▶ **AVAILABLE DATA**
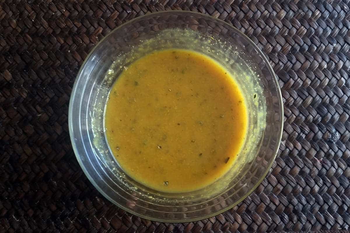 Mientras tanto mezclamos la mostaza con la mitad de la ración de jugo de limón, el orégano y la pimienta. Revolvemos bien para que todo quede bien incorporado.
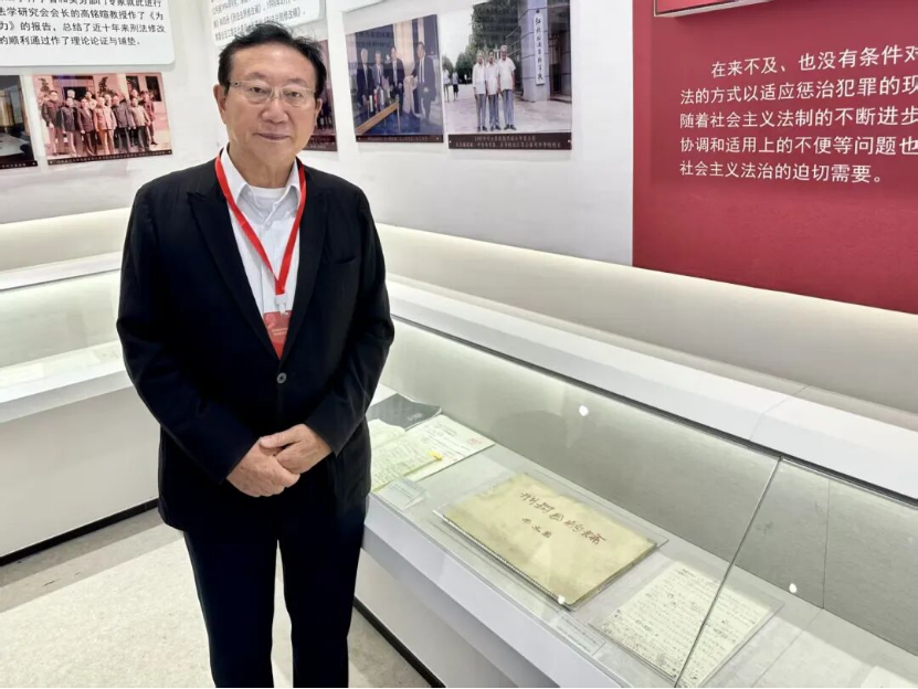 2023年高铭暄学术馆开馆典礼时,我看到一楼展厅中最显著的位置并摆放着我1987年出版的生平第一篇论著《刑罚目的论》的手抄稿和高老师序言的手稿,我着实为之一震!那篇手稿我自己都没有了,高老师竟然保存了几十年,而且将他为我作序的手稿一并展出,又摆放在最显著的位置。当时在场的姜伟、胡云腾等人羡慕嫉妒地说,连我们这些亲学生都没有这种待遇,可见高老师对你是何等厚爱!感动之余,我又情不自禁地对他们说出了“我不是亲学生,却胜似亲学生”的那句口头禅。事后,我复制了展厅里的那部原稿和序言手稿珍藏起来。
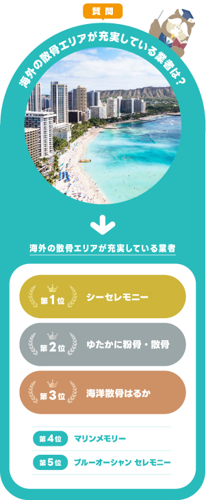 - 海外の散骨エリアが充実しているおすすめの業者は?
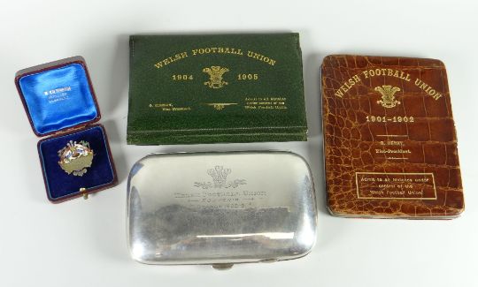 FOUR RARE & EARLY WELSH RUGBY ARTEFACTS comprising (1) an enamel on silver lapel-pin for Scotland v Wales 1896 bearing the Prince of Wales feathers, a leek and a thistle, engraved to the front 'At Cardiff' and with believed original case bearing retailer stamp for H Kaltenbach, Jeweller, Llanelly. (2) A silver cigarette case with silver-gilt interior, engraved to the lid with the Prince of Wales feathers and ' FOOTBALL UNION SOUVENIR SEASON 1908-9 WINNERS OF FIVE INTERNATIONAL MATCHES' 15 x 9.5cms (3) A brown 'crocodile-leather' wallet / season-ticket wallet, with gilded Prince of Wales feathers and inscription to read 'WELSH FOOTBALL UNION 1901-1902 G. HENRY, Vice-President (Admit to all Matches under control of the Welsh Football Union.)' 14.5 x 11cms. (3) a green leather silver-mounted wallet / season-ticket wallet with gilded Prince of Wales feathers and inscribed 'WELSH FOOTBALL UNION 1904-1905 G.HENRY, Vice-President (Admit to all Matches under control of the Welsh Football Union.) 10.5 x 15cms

▶ **TASK OBJECTIVE**
Leaving out each picture, repeat exactly the lines above from the one that contains "2023年高铭暄学术馆开馆典" through the one that contains "- 海外の散骨エリアが充実しているおすすめの業者は?".

▶ **TASK RESPONSE**
 2023年高铭暄学术馆开馆典礼时,我看到一楼展厅中最显著的位置并摆放着我1987年出版的生平第一篇论著《刑罚目的论》的手抄稿和高老师序言的手稿,我着实为之一震!那篇手稿我自己都没有了,高老师竟然保存了几十年,而且将他为我作序的手稿一并展出,又摆放在最显著的位置。当时在场的姜伟、胡云腾等人羡慕嫉妒地说,连我们这些亲学生都没有这种待遇,可见高老师对你是何等厚爱!感动之余,我又情不自禁地对他们说出了“我不是亲学生,却胜似亲学生”的那句口头禅。事后,我复制了展厅里的那部原稿和序言手稿珍藏起来。
 - 海外の散骨エリアが充実しているおすすめの業者は?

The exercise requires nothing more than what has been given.